Non-stationary wiener filter design for channel estimation of PS-OFDM cognitive radio using time-reversal communication: A locally stationary approach

Abstract

Time-reversal communication is considered as a potential Green wireless communications scheme for cognitive radio networks. The network base station utilizes time-reversal communication to exploit multi-path propagation, in order to provide spatial focusing at an intended cognitive radio. This reduces interference to other radios in the network. However, time-reversal spatial focusing performance is dependent on robust channel estimation. Under time-varying channel conditions or imperfect channel estimation, the performance of time-reversal communication deteriorates immensely.
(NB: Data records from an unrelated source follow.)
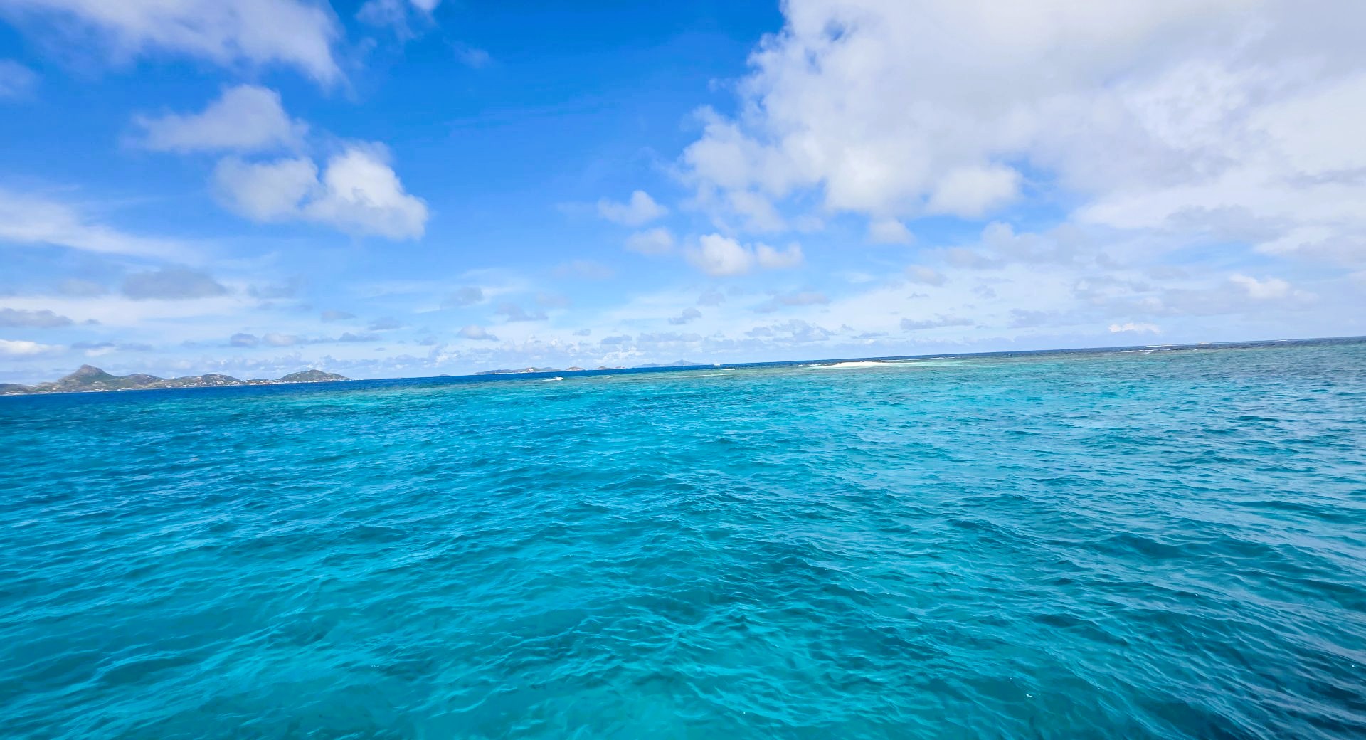 At 2:00 PM, Kent navigated us to a spot in the open ocean where we dropped anchor. Situated between Union Island and Petit St. Vincent was what appeared to be a tiny sandbar rising up in the middle of the ocean. This was Mopion Island, one of the smallest “islands” in the Caribbean. (It’s actually a cay, a small, low-elevation, sandy island on the surface of a coral reef, and its size fluctuates significantly with the tides.)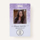 ID Badge featuring a chic script, modern typeface, and purple glitter effect. Add your logo and employee's photo to the badge.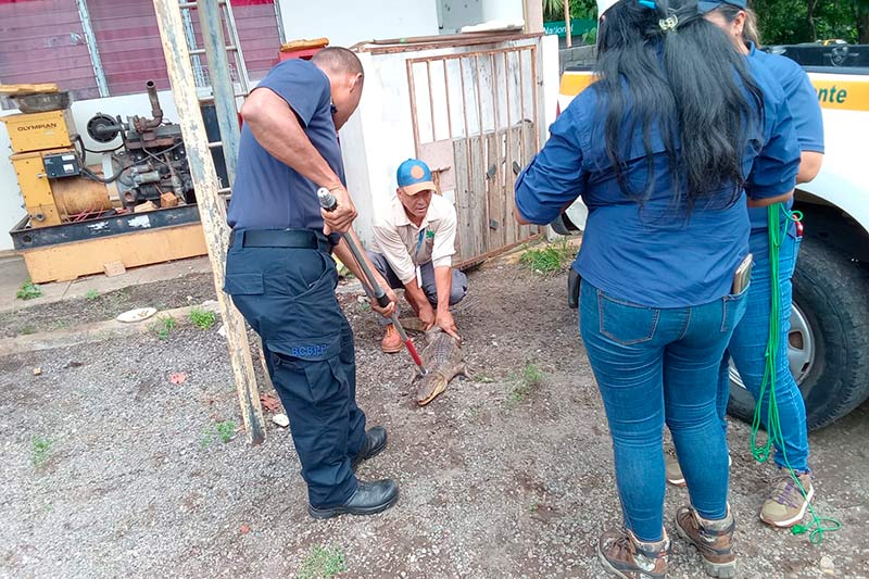 Los bomberos de Chiriquí rescataron un lagarto que se encontraba en una residencia ubicada en la barriada Vista Hermosa, Pedregal. Fue puesto a salvo y entregado al Ministerio de Ambiente.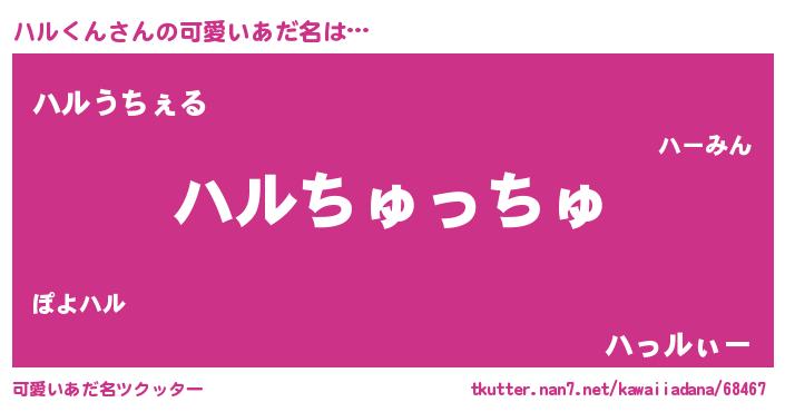 | ヒーロー風カッコイイあだ名 | 『慈愛の使者ハルくん』『魔戒騎士ハル』 |

To ameliorate this deterioration, we design a non-stationary time-varying non-causal Wiener filter based on the time-varying spectrum. The time-varying spectrum is obtained by first modeling the time-varying channel as a locally stationary process. Which means that over small time intervals the channel is approximately stationary, and correlated inside these stationary intervals. Consequently, the time-varying spectrum can be easily calculated by estimating the covariance of the Wigner-Ville distribution of each locally stationary process. Based on that premise, the goal of this paper is to investigate through simulation, the performance of the proposed Wiener filter versus the conventional optimal Wiener filter when the time-varying channel is modeled as a locally stationary process. The performance is derived by computing the symbol error rate (SER), minimum mean square error (MMSE) and the output versus input signal-to-noise ratio (SNR).